UNITED STATES OF AMERICA, APPELLEE.
Appeals from the Superior Court of the District of Columbia (2021-CMD-000187 & 2021-CMD-000195)
(Hon. Neal E. Kravitz, Trial Judge)
(Argued January 23, 2024 Decided July 18, 2024)
Thomas G. Burgess for appellant Earl A. Glosser.
Richard P. Goldberg for appellant Kristina Malimon.
Mark Hobel, Assistant United States Attorney, with whom Matthew M. Graves, United States Attorney, and Chrisellen R. Kolb, Nicholas P. Coleman, Cameron Tepfer, and Kathleen Gibbons, Assistant United States Attorneys, were on the brief, for appellee.
Before MCLEESE, DEAHL, and HOWARD, Associate Judges.

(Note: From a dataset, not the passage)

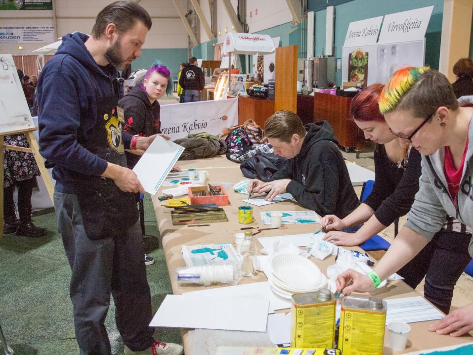- Nyt teillä kaikilla viivat alkavat eri kohdista ja päättyvät eri kohtiin. Lähtöpaikka on yhtä tärkeä kuin päätös: pitää lopettaa yhtä kauniisti kuin aloittaa. Jos kyseessä on vaikka moottoripyörä tai auto, pitää tietää, mihin kuvio päättyy. Ottakaa nyt ensin skeittariasento ja piirtäkää viiva kehoa liikuttamalla, siirtämällä painoa jalalta toiselle. Tällöin käsi siirtyy vartalon liikkeen mukana. Jos käyttää pelkästään kättä, niin käden käyttö tuo tärinää viivaan, ohjaa kurssilla opettajana toimiva seinäjokinen Hannu Nivala.
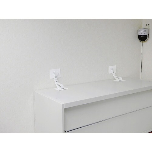 ゴム製ベルトが揺れの衝撃を吸収し壁に加わる力を軽減します。2段階でベルトの長さを調整可能です。 |

MCLEESE, Associate Judge: Appellants Earl A. Glosser and Kristina Malimon
challenge their convictions for unlawful entry on public property, arguing that there
was insufficient evidence to support their convictions. We affirm. 2
I. Facts and Procedural Background
A. The United States’s Evidence
The United States introduced the following evidence at trial. On January 6,
2021, a violent crowd entered the United States Capitol Grounds and Building while
Congress was in the process of certifying the results of the 2020 presidential election.
The Chief of the United States Capitol Police (“USCP”) asked the Metropolitan
Police Department (“MPD”) to send any available assistance to the Capitol Grounds.
In light of that request, MPD officers had “the same authority on the Capitol
Grounds” as USCP officers.
The proceedings in Congress were suspended, and the Capitol Police Board
imposed a curfew and ordered closure of the Capitol Grounds to the public from
6:00 p.m. on January 6, 2021, until 6:00 a.m. on January 22, 2021. Mayor Muriel
Bowser also declared a public emergency in the District of Columbia and ordered a
city-wide curfew from 6:00 p.m. on January 6, 2017, to 6:00 a.m. on January 7,
2021. At 2:28 p.m. on January 6, the D.C. government sent an alert to all cell phones
in D.C. notifying users of the D.C. curfew.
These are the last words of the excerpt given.